Par un mémoire en défense enregistré le 9 mars 2026, l’Office français de l’immigration et de l’intégration conclut au rejet de la requête.

Il fait valoir que les moyens soulevés par M. A... ne sont pas fondés.

Par un acte enregistré le 9 mars 2026, M. A... déclare se désister de toutes ses conclusions.

Vu les autres pièces du dossier.

Vu :
- le code de l’entrée et du séjour des étrangers et du droit d’asile ;
- le code de justice administrative.

Les parties ont été régulièrement averties du jour de l’audience.

Le président de la formation de jugement a dispensé le rapporteur public, sur sa proposition, de prononcer des conclusions à l’audience.
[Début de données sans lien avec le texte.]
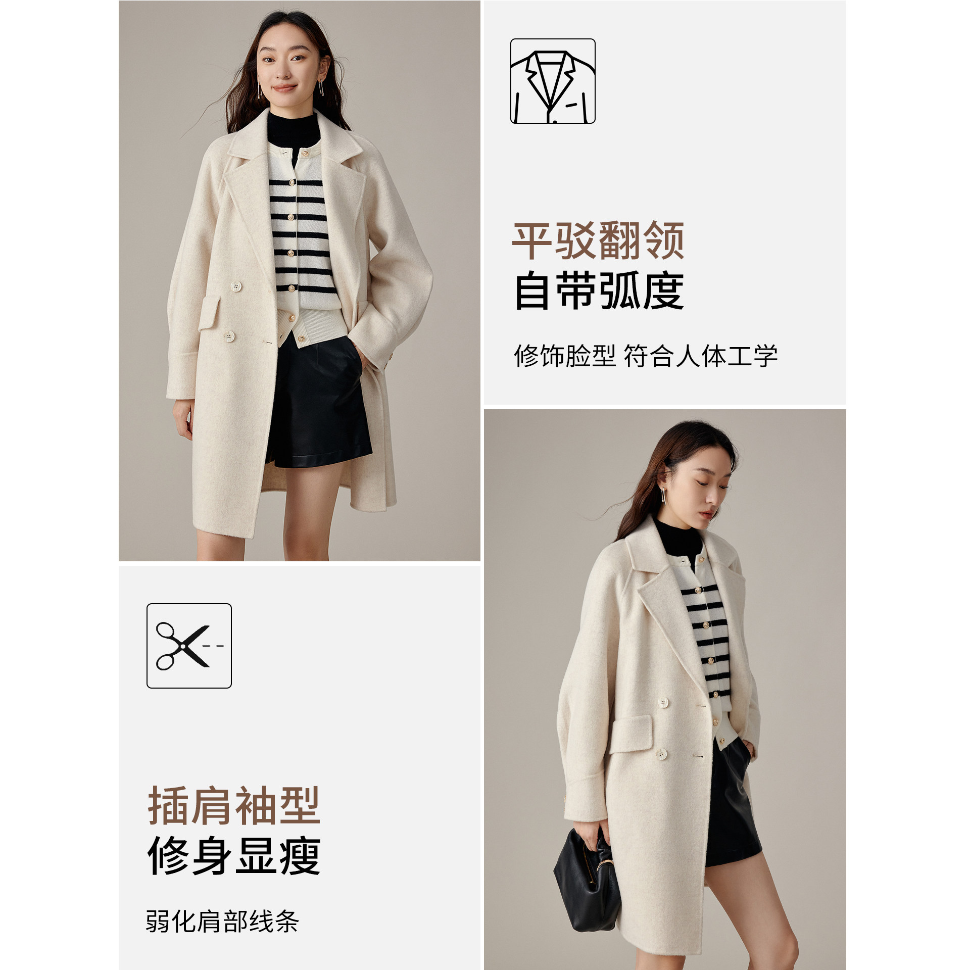 【全羊毛】双面呢子大衣女中长款2025年冬季新款赫本风米白色外套
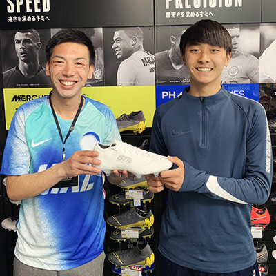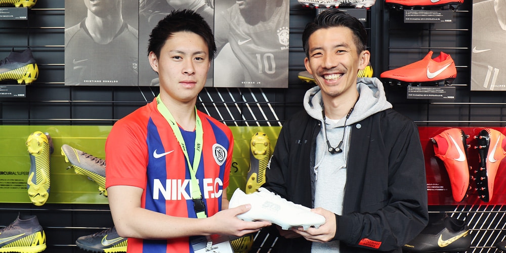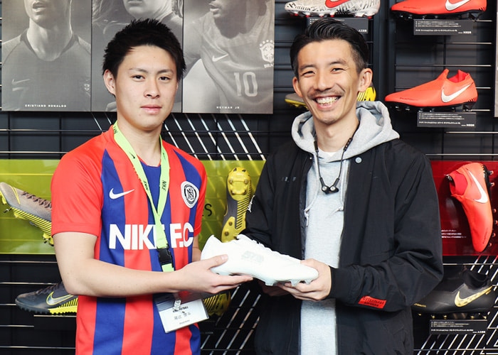 ロゴが刻まれたプレミアムスパイク『NIKE MERCURIAL PURE WHITE』を、松田さんにもお贈りしました。
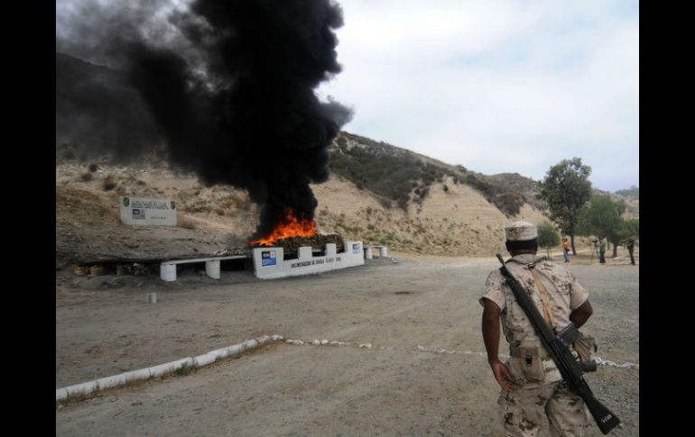 Jalisco | En 28 días quemaron 213 sembradíos de mariguana y detuvieron a 77 personas Soldados de la V Región Militar destruyen 634 plantíos de amapola En 28 días quemaron 213 sembradíos de mariguana y detuvieron a 77 personas Por: EL INFORMADOR 7 de marzo de 2014 - 08:20 hs Soldados de la V Región Militar queman tres mil 79 kilogramos de mariguana y 57 kilos y medio de semilla. ARCHIVO / ZAPOPAN, JALISCO (07/MAR/2014).- En un periodo de 28 días, soldados de la V Región Militar destruyeron 634 plantíos de amapola, 213 sembradíos de mariguana y sorprendieron a 77 personas realizando actividades ilegales, y quienes fueron entregadas a un agente del Ministerio Público de la Federación para ser investigadas. El general de División Diplomado de Estado Mayor, Roberto Gustavo García Vergara, informó en un comunicado de prensa, que además quemaron tres mil 79 kilogramos de mariguana, 57 kilos y medio de semilla, encontraron cuatro secaderos, dos narcolaboratorios, tres campamentos y una toma clandestina a los ductos de Petróleos Mexicanos (Pemex). La V Región Militar tiene acciones en los estados de Aguascalientes, Zacatecas, Nayarit, Colima y Jalisco, y lo asegurado fue realizado durante el mes de febrero. Otros aseguramientos de los militares: • 96 dosis de cocaína. • 23 dosis de marihuana. • Cuatro dosis de crystal. • 18 mil pastillas psicotrópicas. • 49 armas de fuego de diferentes calibres. • 209 cargadores para armas de fuego. • Cinco mil 45 balas de diferentes calibres. • Una granada. • 22 mil 462 pesos. • 403 dólares. • 29 mil 810 litros de gasolina. • Mil 560 litros de diésel. • 160 litros de precursores químicos. • Siete equipos de comunicación. • Una antena ilícita. • 46 vehículos. • Dos motocicletas. • Una cuatrimoto. ¿Cómo denunciar ante de la V Región Militar? Soldados de la V Región Militar invitan a la ciudadanía a denuncia al crimen organizado de forma anónima al teléfono (33) 3658-1705 y al correo electrónico: denuncia.vrm@mail.sedena.gob.mx Temas Seguridad Sedena Ejército Mariguana Recibe las últimas noticias en tu e-mail Todo lo que necesitas saber para comenzar tu día Registrarse implica aceptar los Términos y Condiciones
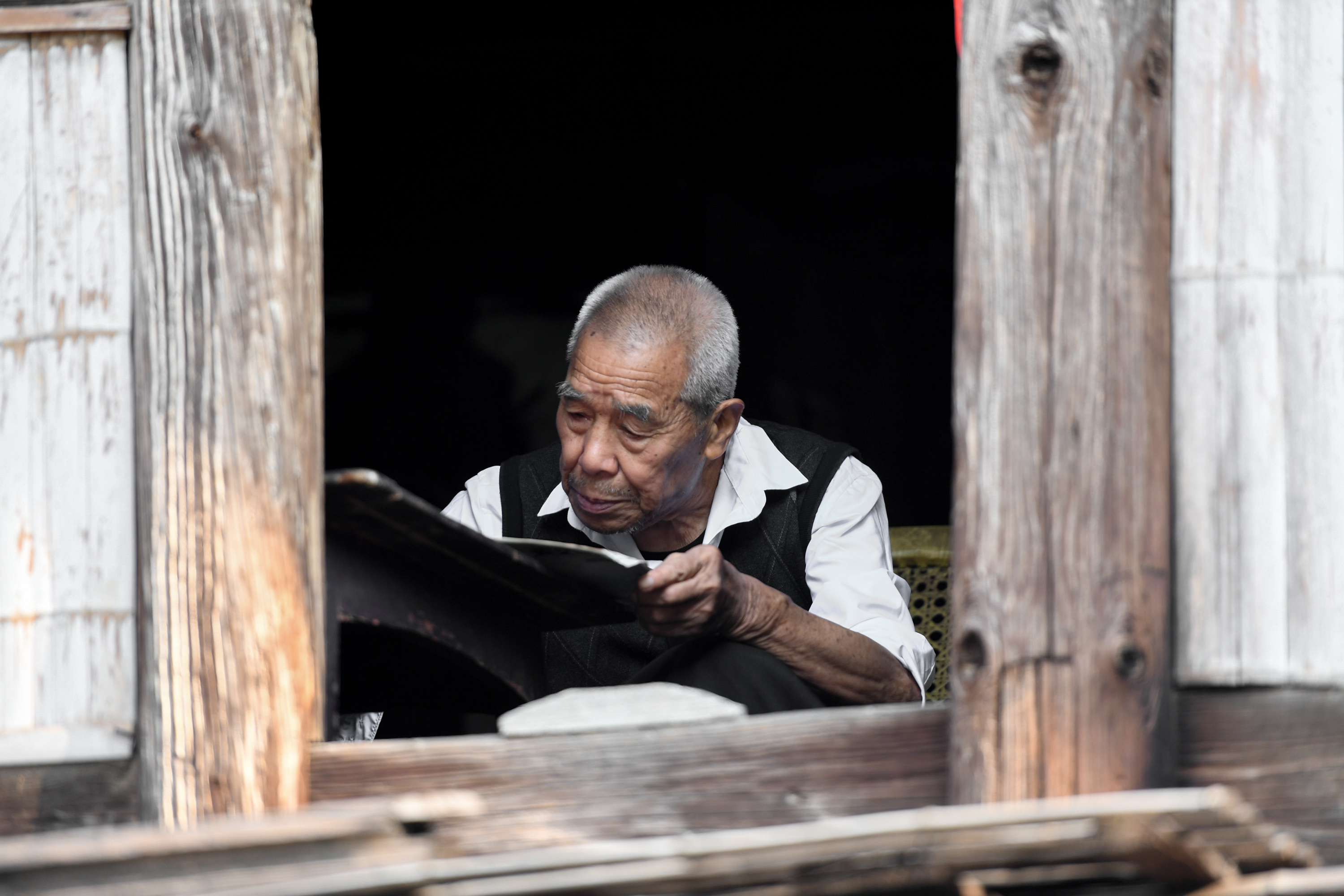Tang Shangjun reads questions via a magnifier at home, Sept. 7, 2019. (Xinhua/Chen Zeguo)
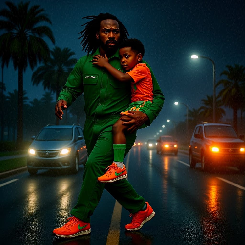 A striking image of a man in green coveralls carrying a boy in a football uniform, escaping danger on a wet highway during a rainstorm. Rendered in a dramatic, cinematic style with high contrast lighting.
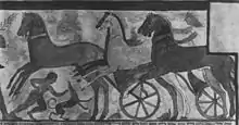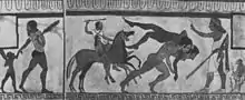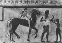 - Cette scène est mieux représentée dans la Tombe des Jongleurs à Tarquinia : Il s'agit d'un lancer de petits plateaux sur un candélabre posé sur la tête de la danseuse dansant au centre au son de la flûte.

A été entendu au cours de l’audience publique le rapport de Mme Jaur, première conseillère, les parties n’étant ni présentes, ni représentées.


Considérant ce qui suit :

M. A..., ressortissant indien né le 10 mars 1969 a sollicité le regroupement familial au profit de son épouse. Par courrier du 3 janvier 2022, l’OFII l’a invité à compléter sa demande dans un délai de trente jours. M. A... indique avoir adressé ces documents complémentaires par courrier réceptionné par l’OFII le 17 janvier 2022. M. A... demande l’annulation de la décision implicite née du silence gardé par l’établissement public sur cette demande de regroupement familial.

Par un acte, enregistré le 9 mars 2026, M. A... déclare se désister purement et simplement de sa requête. Ce désistement est pur et simple. Rien ne s’oppose à ce qu’il en soit donné acte.






D E C I D E :



Article 1er : Il est donné acte du désistement de la requête de M. A....









Article 2 : Le présent jugement sera notifié à M. C... A..., au préfet de la Seine-Saint-Denis et à l’Office français de l’immigration et de l’intégration.

Délibéré après l'audience du 10 mars 2026, à laquelle siégeaient :

M. Israël, président,
Mme Jaur, première conseillère,
Mme Lamlih, première conseillère.

Rendu public par mise à disposition au greffe le 26 mars 2026.


La rapporteure,



Mme Jaur
Le président,



M. Israël
La greffière,



Mme B...

La République mande et ordonne au ministre de l'intérieur, et à tous commissaires de justice à ce requis en ce qui concerne les voies de droit commun contre les parties privées de pourvoir à l’exécution du présent jugement.